EXERCISE DETAILS
In the records that follow, find the line with "Кальцію цитрат –"; from there, retype every line exactly through the line with "3月27日,中国社会科学院马", which also belongs to the answer.

RECORDS FOR PROCESSING
——

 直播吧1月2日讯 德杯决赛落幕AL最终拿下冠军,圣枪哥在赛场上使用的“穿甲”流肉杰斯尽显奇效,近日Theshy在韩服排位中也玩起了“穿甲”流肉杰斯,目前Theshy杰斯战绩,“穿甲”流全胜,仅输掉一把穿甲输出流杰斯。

——

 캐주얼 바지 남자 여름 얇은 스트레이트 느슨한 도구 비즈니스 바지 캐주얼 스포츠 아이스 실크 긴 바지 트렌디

——

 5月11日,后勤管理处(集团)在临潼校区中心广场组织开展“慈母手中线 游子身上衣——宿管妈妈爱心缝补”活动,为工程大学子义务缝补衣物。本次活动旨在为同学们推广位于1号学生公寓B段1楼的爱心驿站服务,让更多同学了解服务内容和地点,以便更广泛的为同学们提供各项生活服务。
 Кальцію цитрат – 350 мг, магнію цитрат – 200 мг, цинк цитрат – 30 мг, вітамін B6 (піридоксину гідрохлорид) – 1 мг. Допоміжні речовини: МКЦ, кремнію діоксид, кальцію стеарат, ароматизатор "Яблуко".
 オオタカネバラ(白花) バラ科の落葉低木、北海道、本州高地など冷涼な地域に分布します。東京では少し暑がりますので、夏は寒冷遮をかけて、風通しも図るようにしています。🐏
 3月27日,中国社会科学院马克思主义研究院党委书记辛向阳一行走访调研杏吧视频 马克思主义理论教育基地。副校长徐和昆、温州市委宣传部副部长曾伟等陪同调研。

——

THE COMPLETED TASK
 Кальцію цитрат – 350 мг, магнію цитрат – 200 мг, цинк цитрат – 30 мг, вітамін B6 (піридоксину гідрохлорид) – 1 мг. Допоміжні речовини: МКЦ, кремнію діоксид, кальцію стеарат, ароматизатор "Яблуко".
 オオタカネバラ(白花) バラ科の落葉低木、北海道、本州高地など冷涼な地域に分布します。東京では少し暑がりますので、夏は寒冷遮をかけて、風通しも図るようにしています。🐏
 3月27日,中国社会科学院马克思主义研究院党委书记辛向阳一行走访调研杏吧视频 马克思主义理论教育基地。副校长徐和昆、温州市委宣传部副部长曾伟等陪同调研。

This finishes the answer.